Several studies evaluating short-term learning outcomes between TBL and other teaching pedagogies show similar or improved outcomes with TBL format [4,5,6,7,8,9,10,11,12,13]. However, few investigations examine effect of pedagogy on persistence of learning. In a study by Farland et al., TBL pedagogy was used for 17% of the topics in a therapeutics-based course and they found no difference in either short-term or long-term outcomes between the two pedagogies [9]. They also observed lack of effect on persistence of learning five months following the end of the course (TBL short term 81.84 ± 8.19%; didactic lecture short term 80.50 ± 7.10%, p = 0.369; TBL long term 63.65 ± 10.14%, didactic lecture long term 65.43 ± 10.11%, p = 0.419). Other studies employing cohort-type designs examining long-term outcomes similarly demonstrated significant deterioration of knowledge over time for both TBL and lecture [11,12]. One of these studies showed no difference in knowledge retention between the two pedagogies. The other study showed improved knowledge retention after 17 months with lecture-based learning (exam scores: 62.9 ± 19.3% vs. 54.9 ± 15.7%, p = 0.001).
Our findings and findings from previous studies highlight not only the need to assess long-term learning outcomes but also the need to develop approaches to improving long-term outcomes (or maintain short-term gains in learning). In part, due to accreditation standards (e.g., Accreditation Council for Pharmacy Education, findings of short-term learning gains and student perception on learning, active-learning methods are being incorporated into many curricula. Moves towards “flipped classrooms” and other active or technology driven pedagogies have out-paced broad assessment of these approaches.

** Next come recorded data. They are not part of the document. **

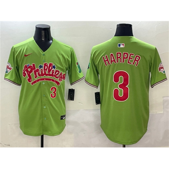 Men's Philadelphia Phillies #3 Bryce Harper Light Green Phanatic Limited Stitched Jersey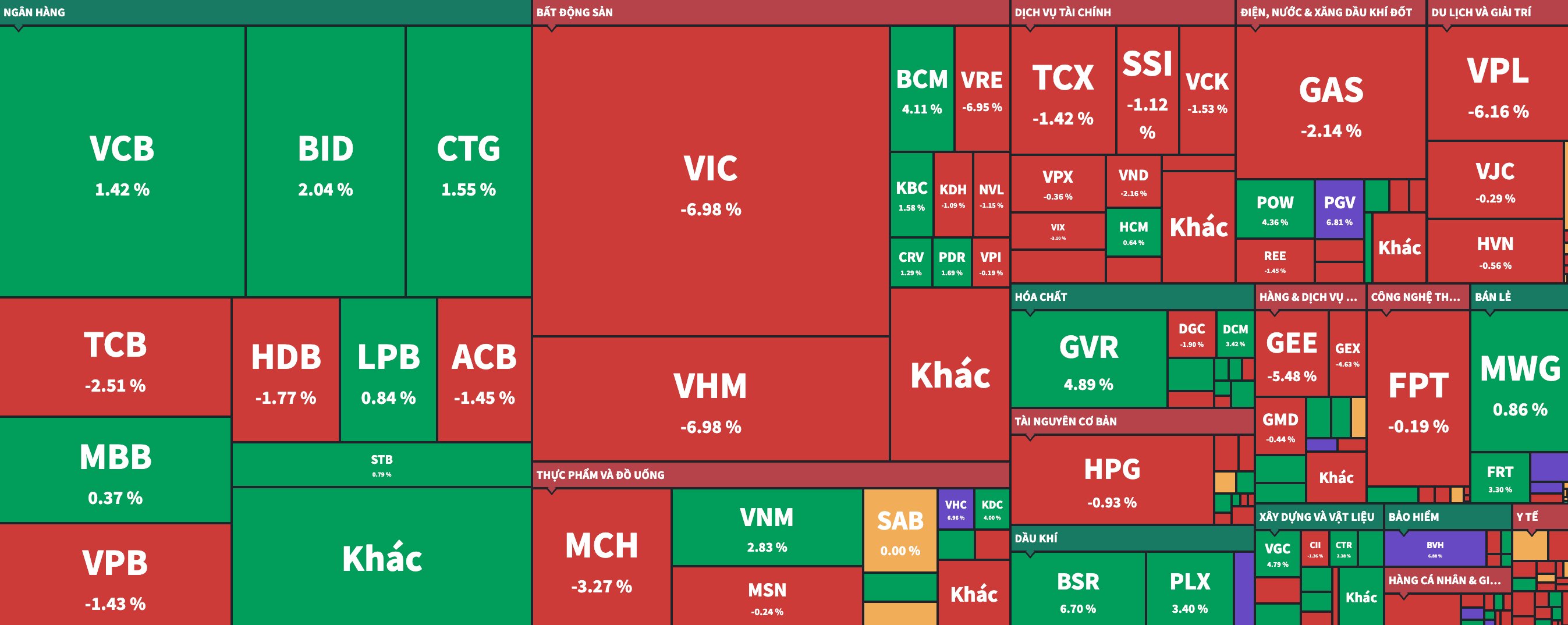 Tính ra, chỉ 3 mã VIC - VHM và VPL đã làm chỉ số mất đến 24 điểm, chưa kể tới VRE. Do đó, nếu như loại trừ sức ảnh hưởng của nhóm cổ phiếu này, chỉ số vẫn sẽ xanh giá.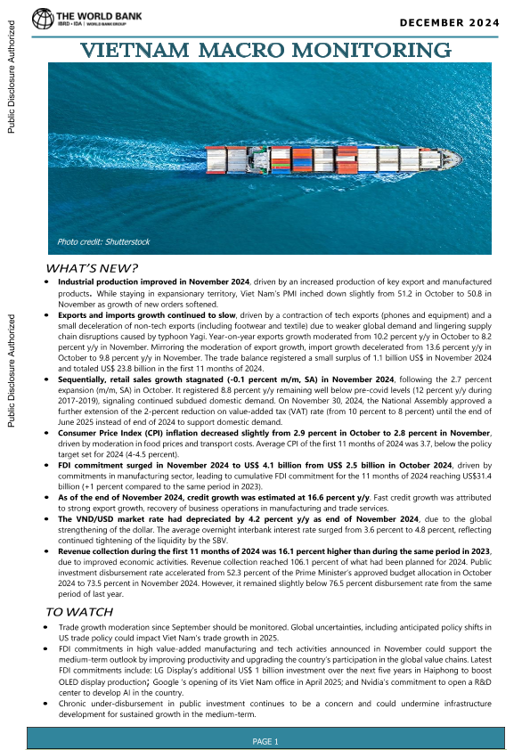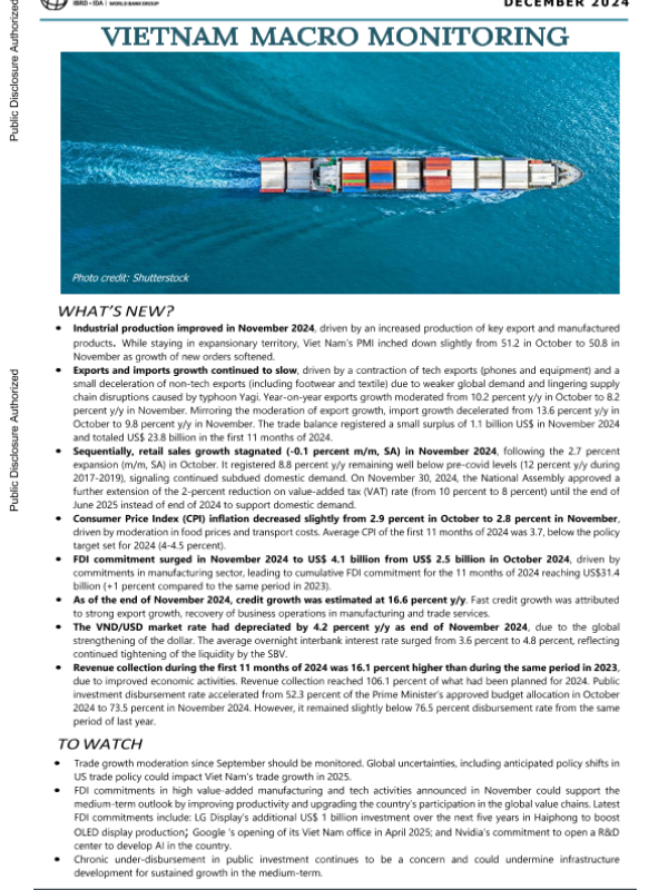 Macro Monitoring December 2024 World Bank economic development Vietnam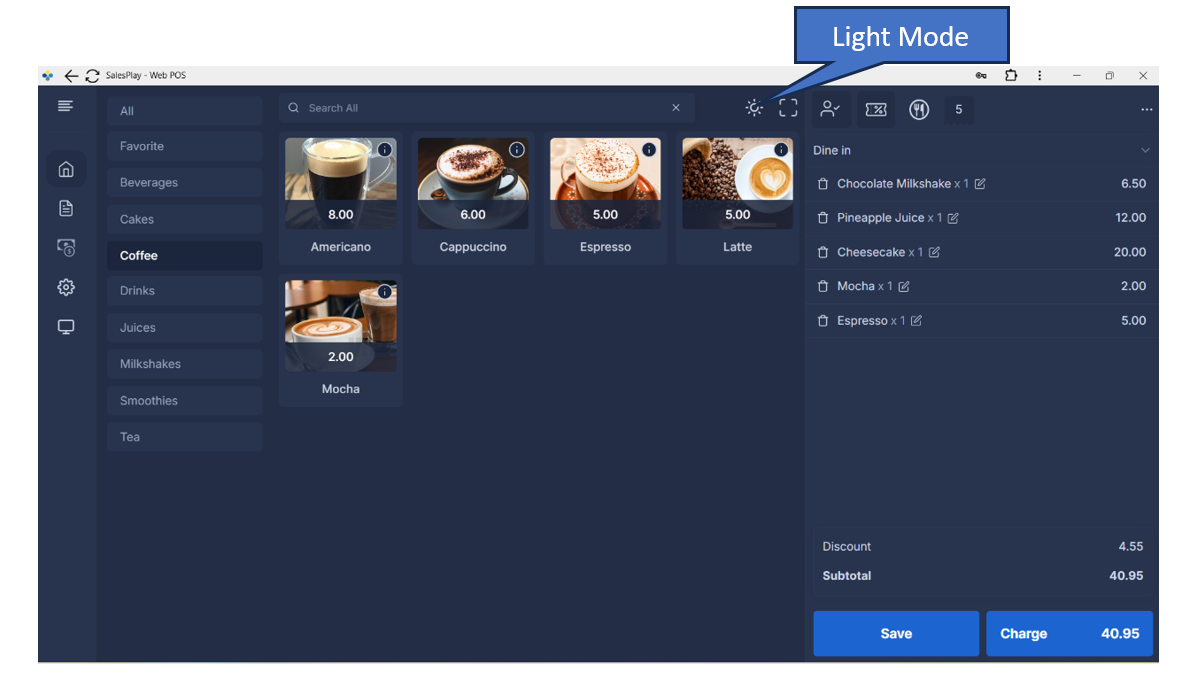 SalesPlay is excited to introduce a refreshed WebPOS user interface, designed to deliver a faster, smoother, and more comfortable experience for your daily business operations. This update includes a modern new look, performance improvements, and the long-awaited Dark Mode feature.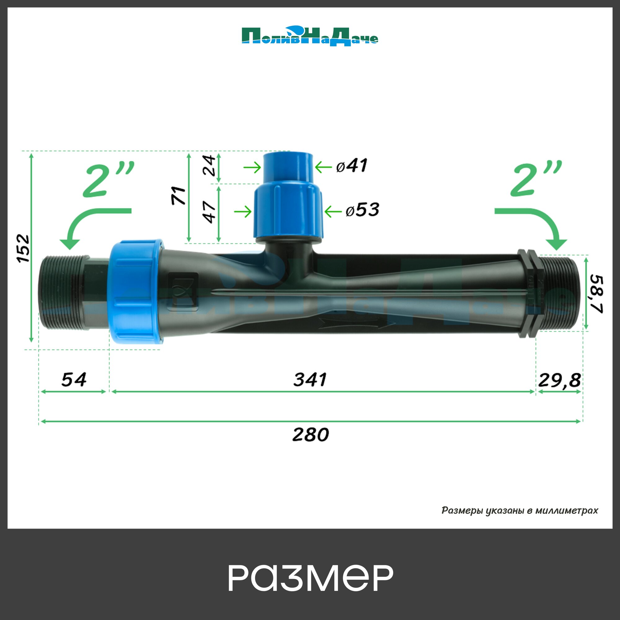 Инжектор Вентури для внесения удобрений 2" поток 11.58-20m3/h при 0.7-9.5bar, мощность всасывания 110-1200L/h 2 590 ₽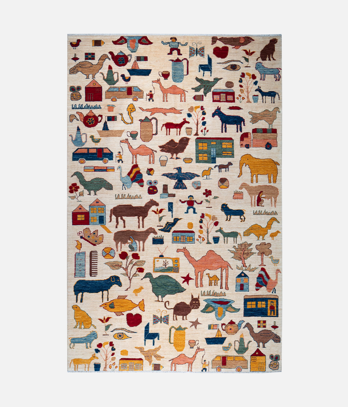 The carpets reflect the heritage of cottage-based craftsmanship passed through generations of families. The majority of carpets produced by the initiative are made from indigenous Afghan wool purchased from nomads that is then hand-spun to add to the quality. Out of over 900 breeds of sheep, only a select few qualify to meet the quality requirements of the wool used in the production of fine carpets. Only the best section of the sheep’s fleece is used for each carpet. The finest quality wool used by the initiative ensures the carpets pile strength, sheen, smoothness and durability. The initiative also produces carpets that are a combination of wool and silk. All carpets are woven using a cotton foundation to ensure strength, reduce shrinkage, and guarantee the rug will keep its shape. The carpets are designed by local university students who are supervised by Afghanistan’s most famous carpet designer. Designs are both contemporary and dated using antique motifs from carpets that are centuries old. Full scale graph paper is used which indicates to the weaver the color for each knot. Every knot is represented by a tiny square similar to pixels. Another key determinant of the fineness of a carpet is the number of knots, the higher the quality of the carpet. The initiative further works to tackle environmental degradation through the use of natural vegetable dyes and traditional washing methods; thus ensuring no environmental damage to the Kabul River, which runs into Pakistan and eventually joins the Indus.

While there is no evidence that relying on students for initial exposure to content (flipped classroom) compromises their learning, the available evidence does not overwhelm and may not support the large effort/cost associated with moving from traditional instruction to active learning in general or TBL in particular.
Perhaps an important educational question to ask is how to maintain gains in learning over the long term and how to document these gains in a meaningful way. Active-learning pedagogies may have advantages over traditional lecture. In particular, they may enhance team skills, communication skills and clinical reasoning skills through engagement with higher order application exercises. These learning outcomes are largely unassessed, in large part due to unavailability of validated tools to assess them, or difficulty isolating impact of a pedagogy from other aspects in a health professions curriculum. Perhaps capstone type assessments at multiple time points throughout the curriculum may help students maintain short-term gains. Another consideration may be to evaluate long-term gain by evaluating clinical reasoning skills versus retention of knowledge.
The strength of this study lies in the study design (randomized crossover trial) and evaluation of both recall and application type questions. Our results significantly add to the very limited data published in this area, based on studies with less rigorous study designs. While we observed no difference in persistence of learning, our study was limited by low sample size and higher variability in scores following long-term assessment vs. short-term assessment. Other limitations of the study include the fact that only 16 students out of 30 were evaluated on long-term outcomes. The study did not target specific students or group of students, the date picked for re-testing was random and based on the instructor’s schedule. There was no intention to pick specific dates with specific students targeted for participation. Overall, the students in the course tended to be high-performing students (88% average). It is not known if differences in outcomes would be different for lower-performing students. Finally, there were only 47 questions assessed, which in addition to only 16 students evaluated limited our power (~20%). However, trends in the data are clear. Although we evaluated and measured outcomes based on application type multiple-choice questions, other forms of assessment including short answer, essay, or an objective structured clinical examination would be of additional value. These type of assessments may have led to different results.

5. Conclusions

This study demonstrated that there was no difference in long-term learning outcomes between TBL and lecture format when evaluating multiple-choice questions after a six-month period with limited sample size. In addition, and importantly, there was significant decline in learning outcomes over time for both pedagogies. Additional exploration is needed to determine not only how to better maintain short-term gains in learning outcomes, but perhaps how to better measure long-term learning outcomes.

Author Contributions

Conceptualization, B.E.B. and T.L.R.; Methodology, B.E.B., T.L.R., T.D.W., K.C.K., J.M.T., and M.P.D.; Formal Analysis, B.E.B.; Investigations, B.E.B., T.L.R., T.D.W., K.C.K., J.M.T., and M.P.D.; Writing-Original Draft Preparation, B.E.B. and T.L.R. Writing-Review and Editing, B.E.B., T.L.R., T.D.W., K.C.K., J.M.T., and M.P.D.; Funding Acquisition, B.E.B. and T.L.R.

Funding

This material is based upon work supported by the Center for Research on Learning and Teaching’s—Investigating Student Learning Grant.

Conflicts of Interest

The authors declare no conflicts of interest.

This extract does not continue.